If the transducer is moved across the skin in a line, a rectangular image is produced known as a linear scan. If the ultrasound transducer is rotated at one point on the skin so as to sweep the ultrasound beam through the tissue in an arc, the image has the shape of the sector of a circle and is known as a sector scan. Each scan format has its uses, for example, the sector scan has a small footprint on the skin that spreads out inside the body, so it is used for echocardiography where the beam has to get in between the ribs, but the whole heart can be seen below.

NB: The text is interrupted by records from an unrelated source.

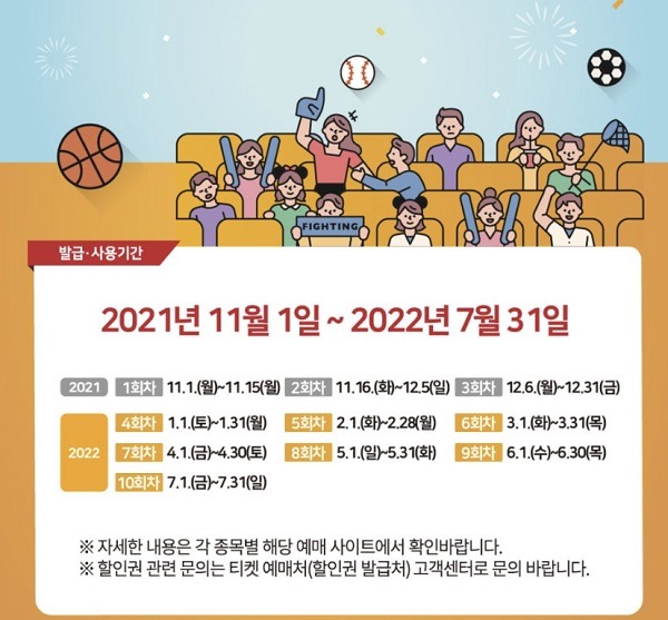 코로나19로 침체된 스포츠 시장 활성화 및 위축된 국민 스포츠 향유 기회를 확대하기 위해 전국민에게 문화체육관광부와 한국프로스포츠협회에서 프로스포츠 예매시 할인권을 지급하는 사업이다.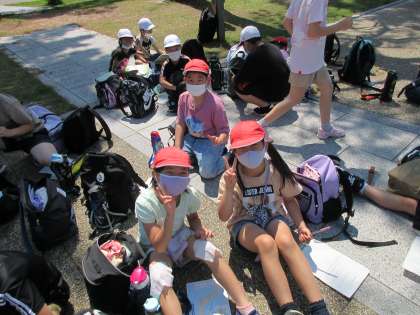おかざき周辺を散策した後は,学習プリントに気付いたことをメモしました。人が多い!修学旅行生がいる!バスが多い!など話していました。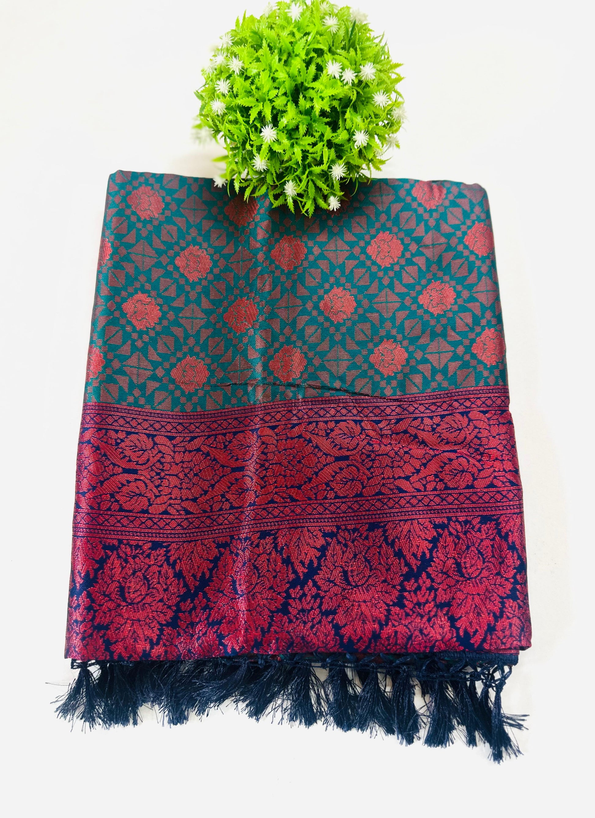 Color & Pattern: This saree is Teal/Dark Turquoise with an all-over Red/Deep Pink brocade pattern and features a contrasting Navy Blue pallu woven with dense Red/Maroon floral designs.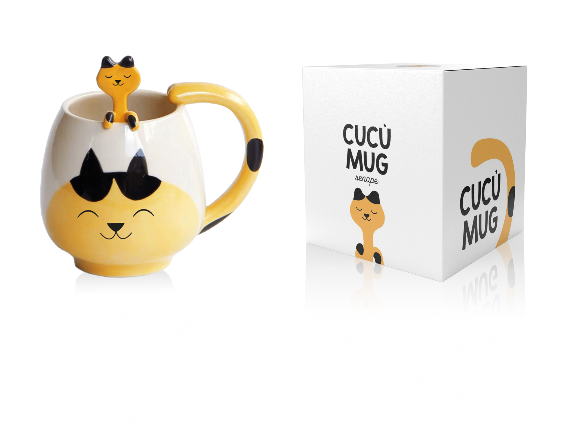 Tazza in Ceramica Cucù Cat Senape con Cucchiaino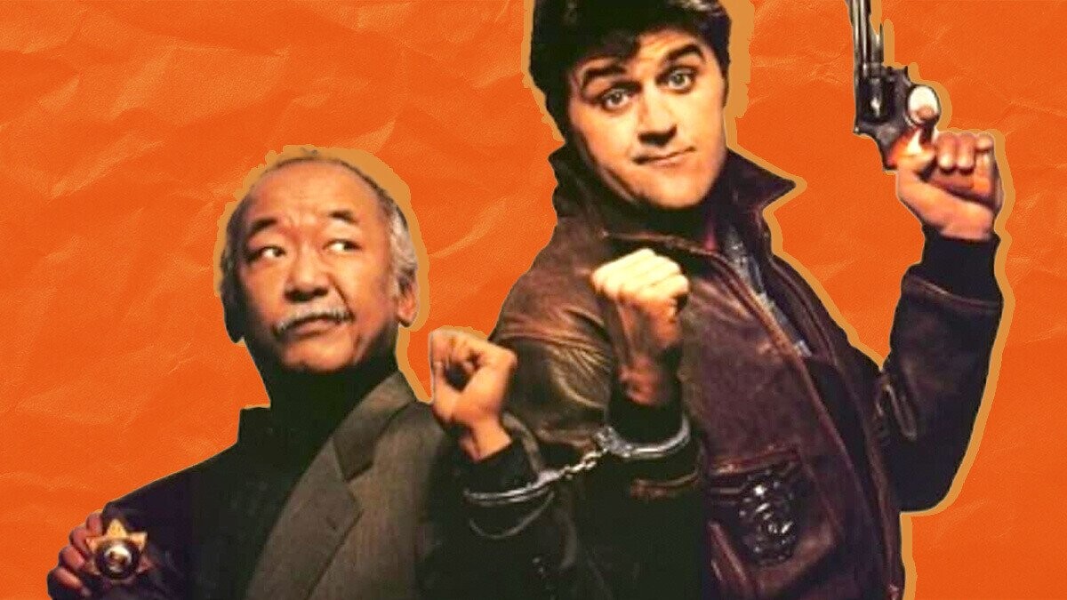 A hot-shot American cop teams up with an investigator from a distant Asian country. Cultures clash. Bad guys get killed — who are you picturing in the lead roles? Jackie Chan and Chris Tucker? Well, how about Mr. Miyagi and the guy later known for clipping out amusing newspaper headlines and making fun of Bill Clinton instead?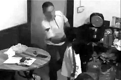 父亲刘某华打女儿(视频截图)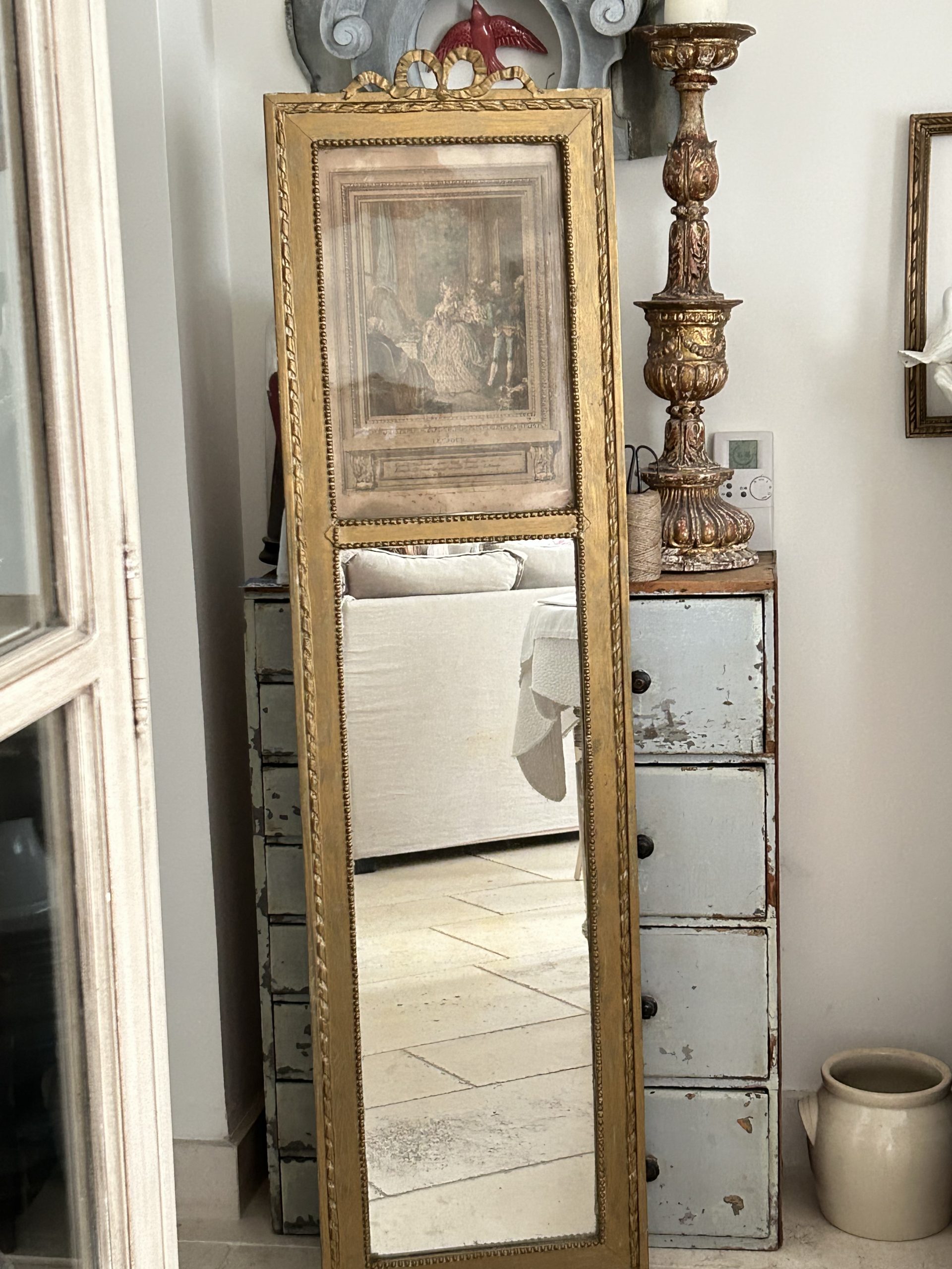 Un très beau miroir trumeau en bois doré, de style Louis XVI

Modern transducer probes consist of an array of 128–256 piezoelectric elements mounted in a flat line to form a linear array, or on a curve to produce a curvilinear array, producing linear and sector images respectively (Fig. 31.5). Groups of elements can be switched electronically between transmit–receive pulse sequences to move the active area along the array. In this way a series of scan lines is produced, scanning through the target to form an image (Fig. 31.6A). The whole image is then scanned and refreshed many times each second to give a continuous real-time image that can show any movement taking place, for example a needle moving towards its intended target.

Figure 31.6 A. Principle of electronically scanning an image by stepping an active set of elements across the array for successive pulses. B. Electronic beam steering achieved by introducing time delays into the path between the summing point and the elements.

The beam may be steered through different angles by inserting time delays in front of individual elements (Fig. 31.6B). Because the pulse then arrives at adjacent elements at successively later times, the wavefronts of the soundwave propagating away from the elements add up along a line at an angle to the face of the probe. In other words, the transmitted pulse is steered away from a line perpendicular to the probe face. When echoes return to the transducer, the received echoes are again delayed and then added together. Those echoes coming from the steering angle will give a strong signal, as all their wave crests will add together. But for those echoes arriving from other angles, the peaks and troughs will tend to cancel each other out and a signal will not be detected. By switching the time delays electronically, each successive pulse can be steered at a different angle to produce a sector-shaped image. This is the basis for the function of phased array probes, commonly used for cardiac studies and for some intra cavitary applications.

The ultrasound journey

As the ultrasound pulse travels through the body it interacts with the tissue in various ways (Fig. 31.7). At large smooth interfaces, such as are found between one organ and another, muscle–liver for example, some of the energy in the pulse is reflected back towards the transducer as an echo (Fig. 31.7A). This type of reflection from a large smooth interface is known as specular reflection from the Latin speculum meaning a mirror. The strength of the echo will depend on the speed of sound (c) and density (ρ) of the tissues on either side of the interface through a property known as characteristic acoustic impedance (z₀). I_i is the incident intensity and I_r is the reflected intensity of ultrasound (Table 31.2).